Es zeigte sich jedoch in der Geschichte des "Systems Erdoğan", dass ein Rücktritt aus eigenem Willen prinzipiell nicht möglich ist, da er als Schwäche ausgelegt werden würde – es sei denn, ihm würde ein Rücktritt vom Präsidenten selbst "nahegelegt". Ein Beispiel ist der nun wieder amtierende Innenminister Süleyman Soylu, der aufgrund des Massenandrangs mit der Ankündigung einer Wochenend-Ausgangssperre als Corona-Maßnahme im April dieses Jahres seinen Rücktritt eingereicht hatte. Erdoğan hatte seinen Rücktrittsgesuch abgelehnt. Ahmet Davutoğlu andererseits musste als AKP-Parteivorsitzender und Ministerpräsident seinen Hut nehmen, weil er dem Projekt des Präsidialsystems im Weg stand. Auch Davutoğlu hat inzwischen, wie der oben erwähnte Babacan, eine eigene Partei gergründet.

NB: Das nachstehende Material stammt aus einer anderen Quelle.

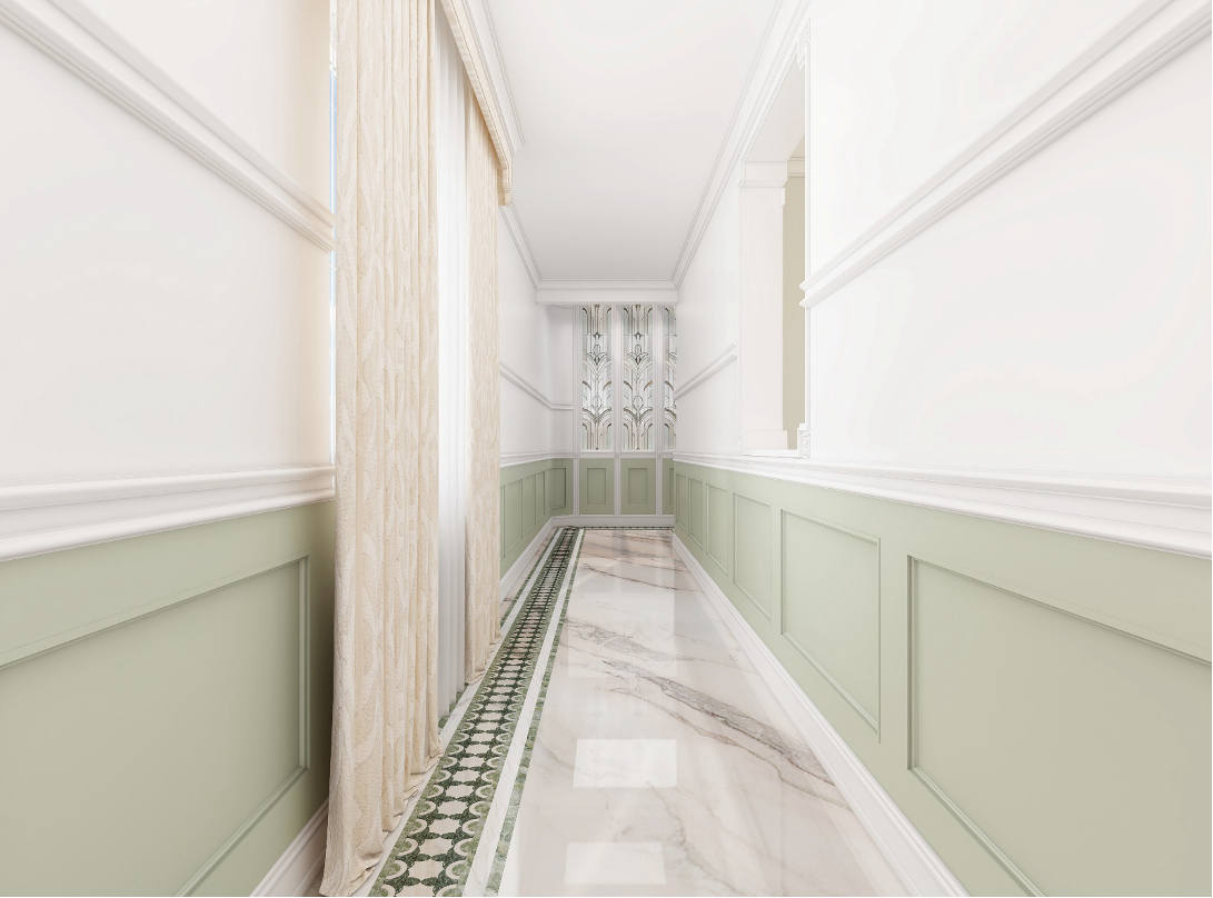 في هذا الطابق تتناغم الخطوط الكلاسيكية مع اللمسات العصرية في لوحة معمارية متقنة، حيث يلتقي عبق الأصالة برقي الحداثة ليمنح المكان طابعاً فريداً يفيض بالفخامة. لم يكن المزج مجرد جمع بين أسلوبين، بل رؤية مدروسة تهدف إلى ابتكار بيئة سكنية أكثر مرونة، تُشعر قاطنيها بالراحة والسكينة، وتمنحهم تجربة معيشية تُجسّد المعنى الحقيقي للأناقة المستدامة.

Sehr wahrscheinlich ist aber auch, dass der Rücktritt von Finanzminister Albayrak nicht ohne Rücksprache mit seinem Schwiegervater erfolgte, auch wenn der Weg ziemlich unkonventionell war. Manchen Vermutungen zufolge steht ohnehin eine Revision des türkischen Kabinetts an. 

Der Vorsitzende der Oppositionspartei CHP (Cumhuriyet Halk Partisi - Republikanische Volkspartei), Kemal Kılıçdaroğlu, spricht von einer "Staatskrise".

Ob die möglicherweise anvisierte Neujustierung des türkischen Kabinetts aber mit der Wahl des Demokraten Joe Biden zum nächsten US-Präsidenten zusammenhängt und ob der Ausgang der US-Wahl eine außenpolitische und -wirtschaftliche Anpassung bedeutet, wird sich wohl erst zeigen, wenn das neue Kabinett steht.

Zumindest stand der Rücktritt des Finanzministers in der Kabinettssitzung am Montagnachmittag laut dem Sprecher der Regierungspartei AKP Ömer Çelik nicht auf der Tagesordnung. Es liege am Präsidenten, den Rücktritt zu bewerten, so Çelik.

Am Montagabend schließlich wurde mit einer Erklärung an die Öffentlichkeit vermeldet, dass der türkische Präsident Erdoğan den Rücktritt seines Finanzministers angenommen hat.